### Your goal
Take nothing but the lines from the one with "2026年3月期第2四半期の" through the one with "The original pictorial" in the entries below, both ends kept, and return them exactly with pictures left out.

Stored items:
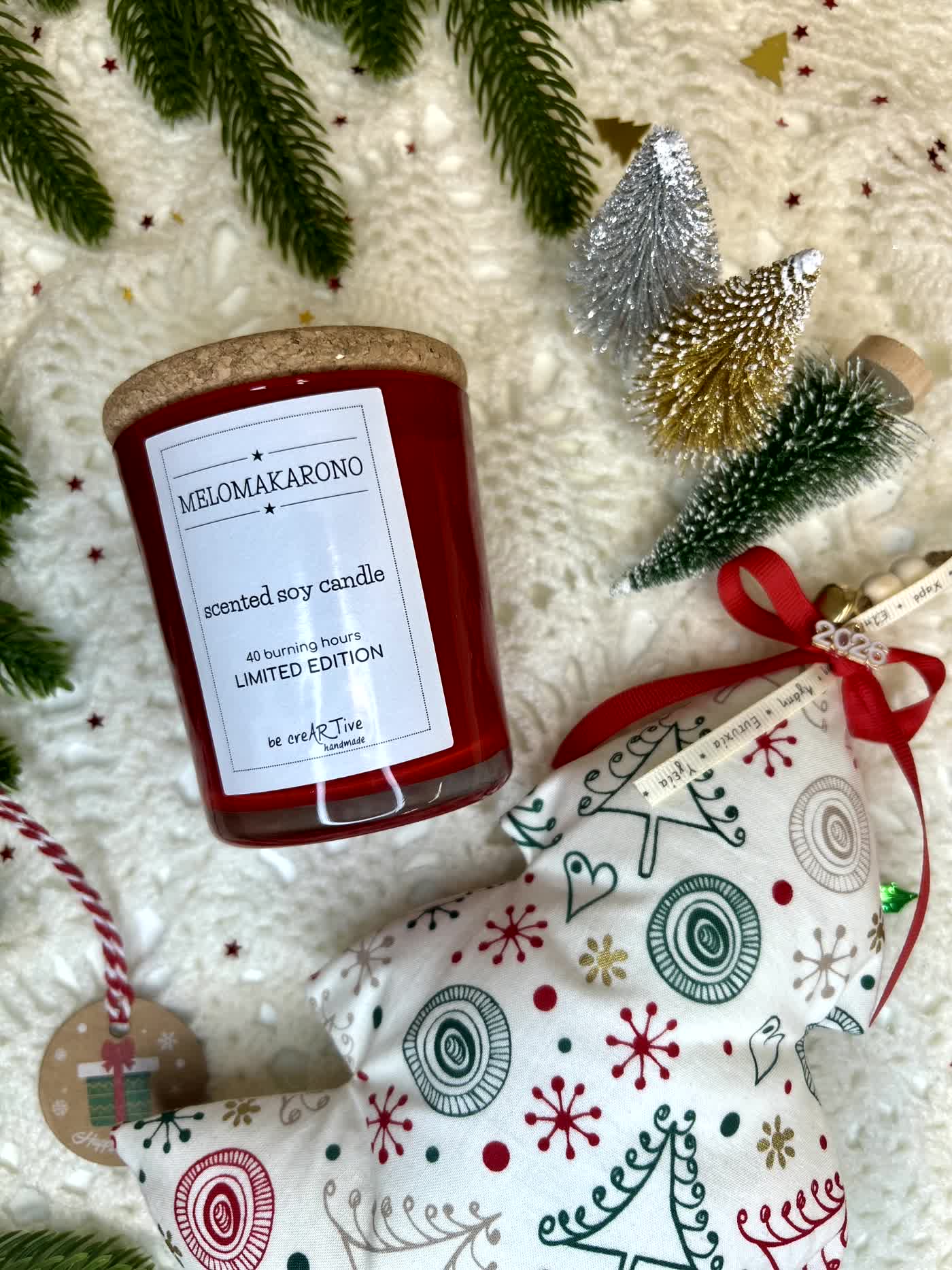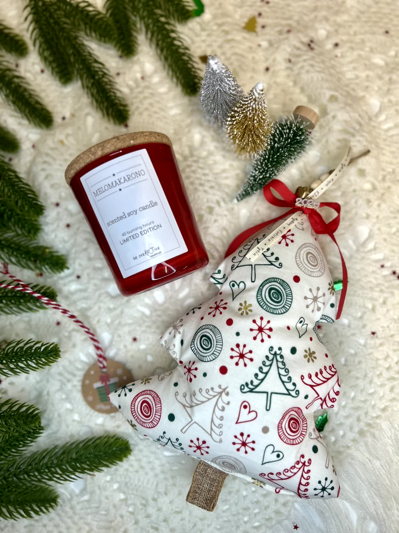 Κάθε κουτί κρύβει ένα χειροποίητο στολίδι γούρι για το 2026 και συνδυάζεται με κερί σόγιας με άρωμα μελομακάρονο ή κεραμική κούπα ή σετ δύο χριστουγεννιάτικων scrunchies .
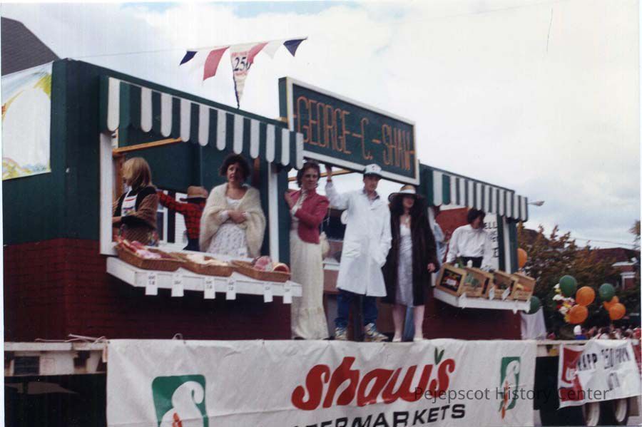 A color photo of Brunswick's 250th anniversary parade. The photo shows the Shaw's Supermarket float on Maine Street. 10/07/1989
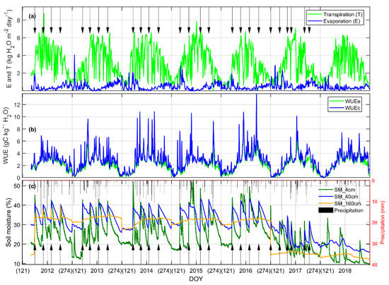 Both ecosystem WUE (g C kg−1 H2O) and canopy WUE were used in this study. The ecosystem WUE (WUEe) was defined as WUEe = GPP/ET, where GPP (g C m−2 day−1) is gross primary productivity and ET (kg H2O m−2 day−1) is evapotranspiration. ET were obtained from the eddy covariance measured latent heat flux (LE, W m−2). The canopy WUE was defined as WUEc = GPP/T [52], where T is transpiration. The T was partitioned from the ET measurements, which are introduced in detail in Section 2.6. WUE was analyzed for daily, monthly, and annual time-steps. The monthly and annual WUE were derived from the summation of GPP and ET components with corresponding time scales.
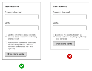 Portanto, é necessário que o processo de obtenção do consentimento do usuário seja simples e envolva uma ação de “adesão” clara. Isso significa que mecanismos como caixas de seleção pré-selecionadas de assinatura do newsletter não são permitidos, uma vez que o regulamento europeu proíbe expressamente caixas pré-selecionadas e outros métodos alternativos de “opt-out”.
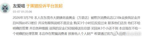 2026年3月7日,有消费者在黑猫投诉平台表示,在东莞市大朗镇老庙黄金(万荟店)被欺诈,该名消费者以18k金换足金并且要补853元差价,而店员并未跟消费者表明不是足金。再联系店员后,店员不仅不给明确的答复,同时各种推脱,表示足金已经熔掉送往总部。对于商家欺骗消费者的行为,该消费者要求官方介入处理。
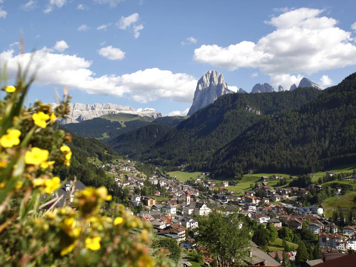 Обои Цветы в горах на горнолыжном курорте Валь Гардена, Италия
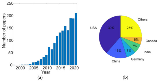 This paper provides an overview of the most recent efforts to integrate microfluidics and electronics into a portable system. Integrating microfluidics into POC devices is an ever-growing trend and many different approaches have been demonstrated thus far. According to the Web of Science [107], at present there are more than 1700 papers linked to the keywords “microfluidics” and “point-of-care”. Although the first work listed dates back to 1998 [108], more than one third of these works have been published since 2019 (see Figure 4a). The top five publishing institutions for the papers analysed on the Web of Science are: the University of California (4.915%), the Chinese academy of science (3.043%), Harvard University (2.984%), Duke University (2.984%), Stanford University (2.458%). However, 38.151% of the listed paper were published by American institutions. China and Germany follow with 16.384% and 7.197%, respectively (see Figure 4b). Resulting works are typically published from top publishers, including Elsevier (19.661%), Springer Nature (12.463%), IEEE (10.006%) and MDPI (9.421%). The top five funding agencies for the listed works are: the United States Department of Health Human Services (13.283%), the National Institutes of Health (NIH) USA (13.107%), the National Natural Science Foundation of China (NSFC) (10.532%), the National Science Foundation (NSF) (10.181%), and the European Commission (6.671%). The high volume of interest in the field is justified by the high societal and economic impacts of POC technology. As microfluidic POC devices became pervasive in our society, there are some challenges that need to be highlighted and addressed. One major concern about this technology remains the accuracy and LOD. Although there are POC platforms with LOD of micromolar fractions [71], efforts are needed to deliver reliable devices capable of high accuracy and extremely low LOD in a real-world scenario. Another main concern about this technology is in regard to materials. Most of the microfluidics devices developed thus far involve the use of PDMS. PDMS is a non-degradable material and is therefore not advised for use in single-use systems as it will accumulate in wastewater and in the environment [109,110].
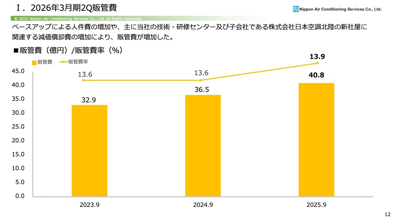 2026年3月期第2四半期の販管費についてです。ベースアップによる人件費の増加に加え、当社の技術・研修センター、子会社である株式会社日本空調北陸の新社屋、当社の九州支店の新社屋建設に伴う減価償却費等が増加しています。
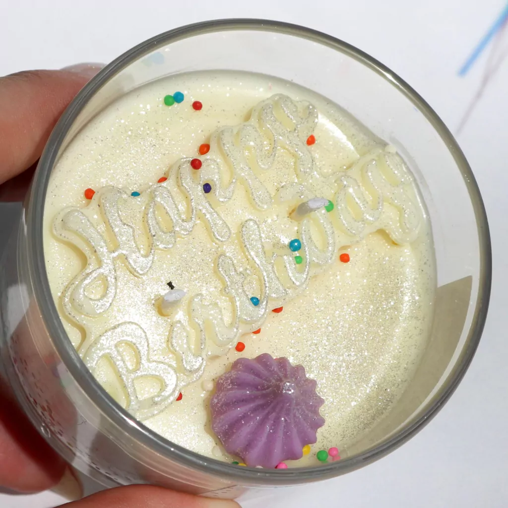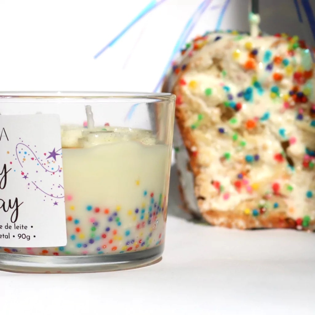 . A vela aromática contém confeitos coloridos para torna-la especial e divertida!
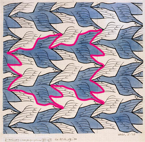 The original pictorial representations of the Euclidean plane and the hyperbolic disc are due to the Dutch artist M. C. Escher. These images are publicly available on wikiart.org under the Fair Use licence . The title of the works are (from left to right) Two Birds and Circle Limit IV (Heaven and Hell). These modifications were made by the author with nonprofit educational purposes.
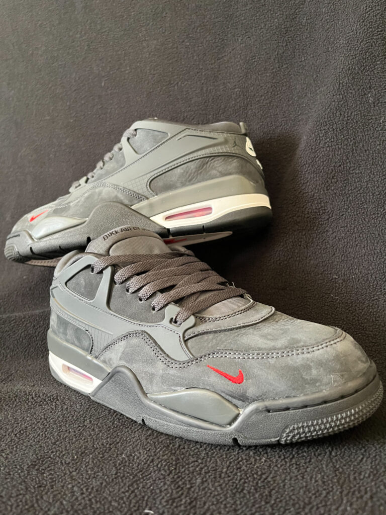 These are the Air Jordan 4 RM SP Nigel Sylvester Driveway Grey colorway. This sneaker was released on August 8th, 2024. Taking a first glance at this sneaker, you'll see that the entirety of the upper is made with suede material. But the suede isn’t the best part. This sneaker also contains lots of special details that make this sneaker unique. At the toe box, we have a red stitched Nike check. As we move further up the sneaker there is a plastic covering that covers the majority of the sneaker. Just like the original Jordan 4, this TPU covering holds the shoe laces. On the back end of the sneaker the TPU piece houses “ Bike Air ” and a Jumpman imprint. We also see Bike Air imprinted again on the tongue of the shoe stating, “ Bike Air By Air Jordan”. This sneaker comes in a shoe box that highlights Nigel Sylvester's most memorable moments. The shoe tissue paper has Nigel's childhood pictures of him in his Grandma's driveway riding a bike. This sneaker comes with an extra pair of white shoelaces and a page of BMX-themed stickers. The origin of this sneaker came from the professional BMXer Nigel Sylvester. His previous sneaker was the Air Jordan 4 RM SP “ Grandma Driveway” which is a green suede upper with a black midsole and outsole. These sneakers were made to tell an amazing story of Nigel Sylvester’s origin and where his BMX career started. Both of these sneakers are made with the intention of all BMXers to ride in style. The Air Jordan 4 RM SP Driveway Grey made it to the Sneaker Gallery due to its amazing story, unique design, and quality features. This sneaker highlights the origin story of Nigel Sylvester. It's always amazing to see how the start of someone's passion turns into a success story. It allows people to be inspired while enjoying the essence of shared passions. Nike and Nigel did a great job creating a story and a sneaker that the community can enjoy. So if you haven’t already, get a pair of Air Jordan 4 RM SP Driveway Grey. So you can continue to Fuel Your Creativity Through Sneakers.
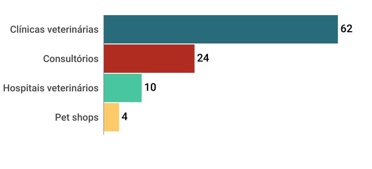 No universo dos serviços especializados, as clínicas veterinárias lideram, reunindo 62% dos empregos do setor, seguidas pelos consultórios (24%), hospitais veterinários (10%) e pet shops (4%).
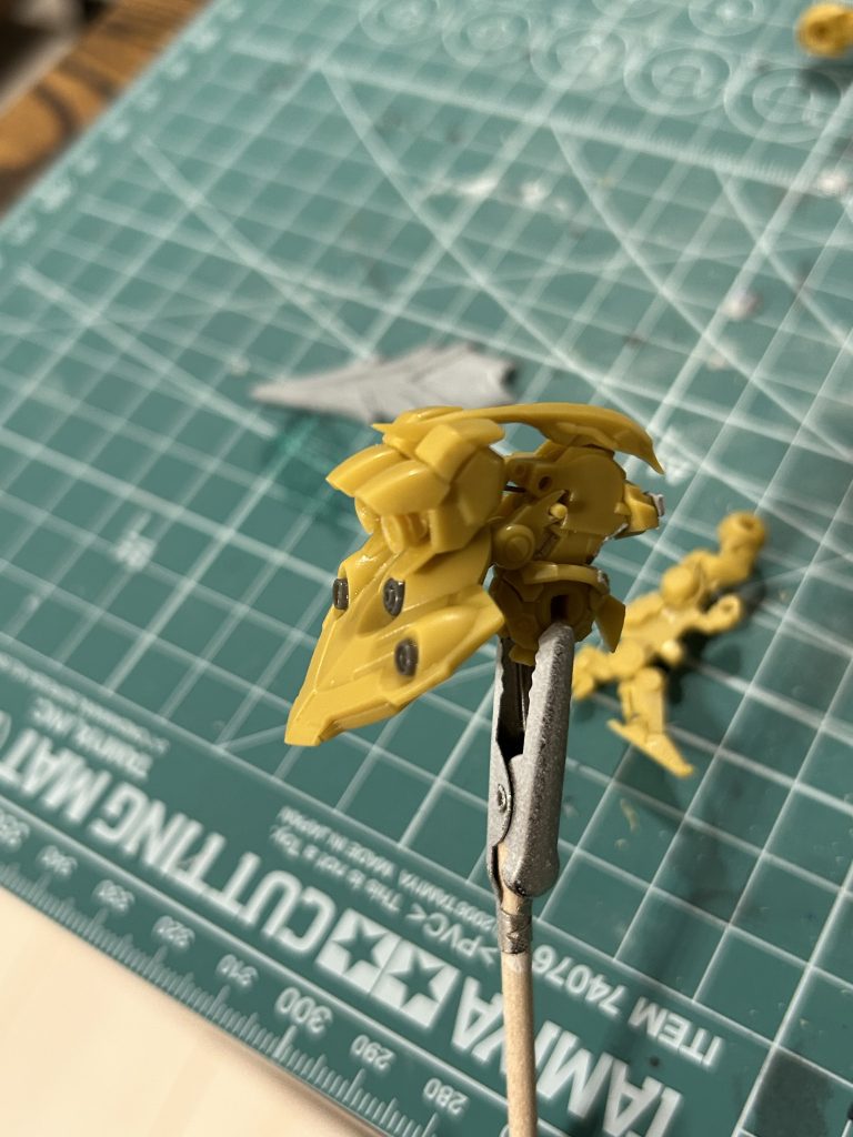 プラ版で制作しようかと思ったのですが、曲線を作るのが厳しそうだったので泣く泣くグフのパーツを使いました😭
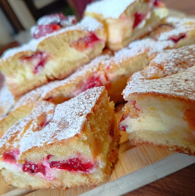 - Dá se péct i ve větším plechu? Ano, jen použijte o něco více ovoce a počítejte s kratší dobou pečení (cca 35 minut).
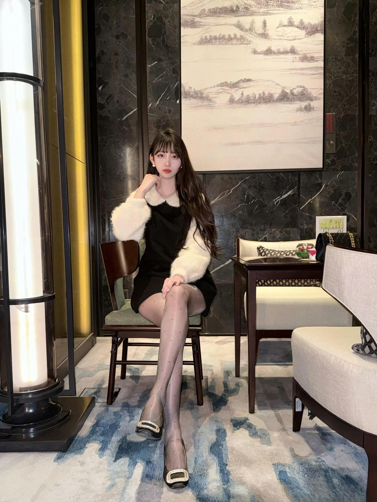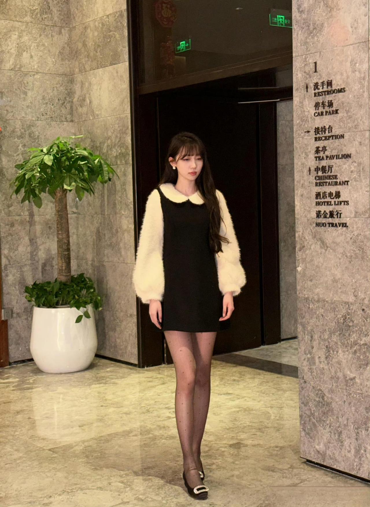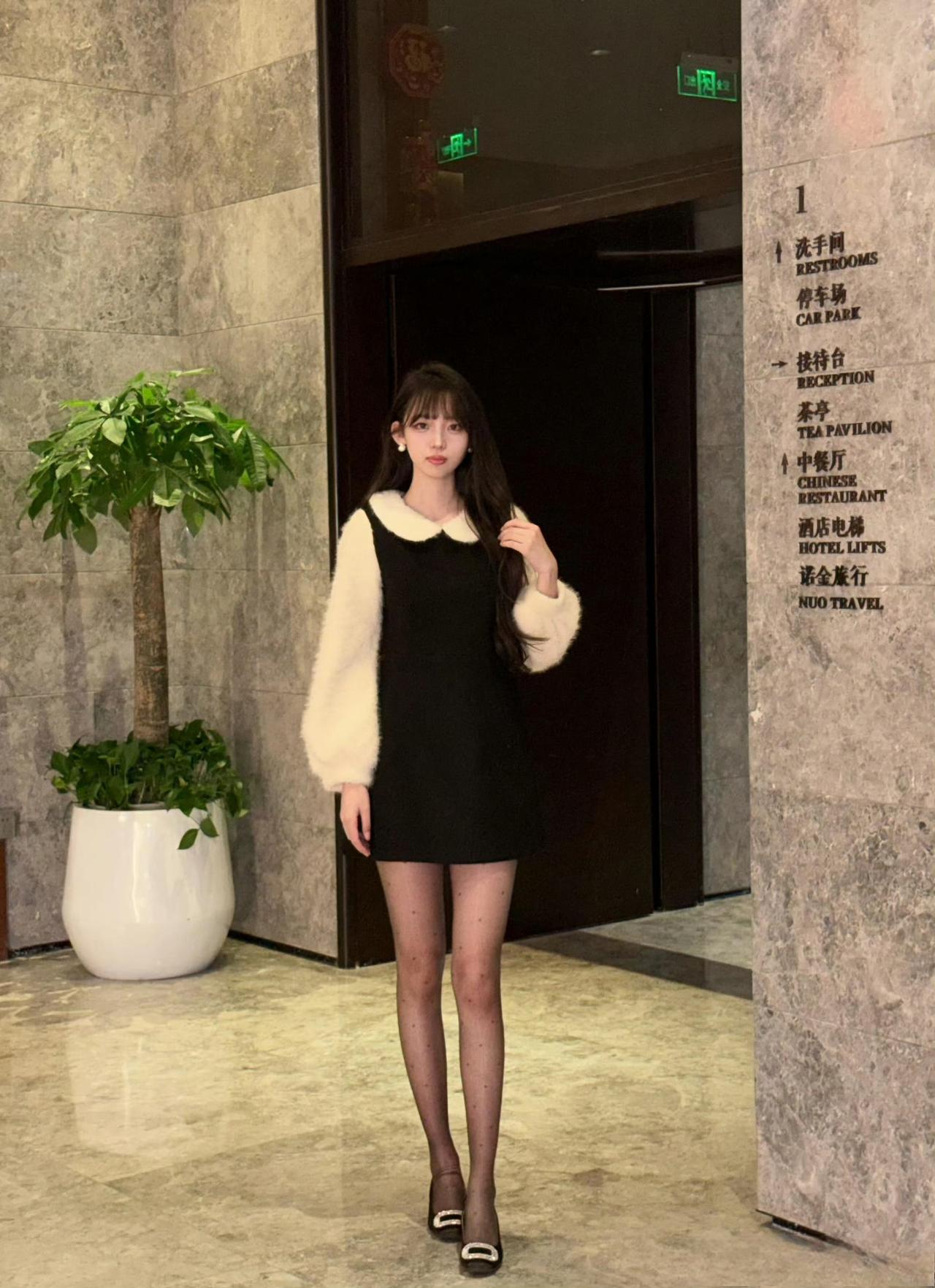 - 单品选了黑底白毛绒拼接连衣裙,娃娃领+毛绒袖是甜美元素,黑色裙身平衡了甜感,短款版型显活泼;
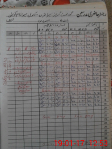 | CNIC | Full Name | Designation | R/C | Absence During Last Calender Month |

### Output of the exercise
 2026年3月期第2四半期の販管費についてです。ベースアップによる人件費の増加に加え、当社の技術・研修センター、子会社である株式会社日本空調北陸の新社屋、当社の九州支店の新社屋建設に伴う減価償却費等が増加しています。
 . A vela aromática contém confeitos coloridos para torna-la especial e divertida!
 The original pictorial representations of the Euclidean plane and the hyperbolic disc are due to the Dutch artist M. C. Escher. These images are publicly available on wikiart.org under the Fair Use licence . The title of the works are (from left to right) Two Birds and Circle Limit IV (Heaven and Hell). These modifications were made by the author with nonprofit educational purposes.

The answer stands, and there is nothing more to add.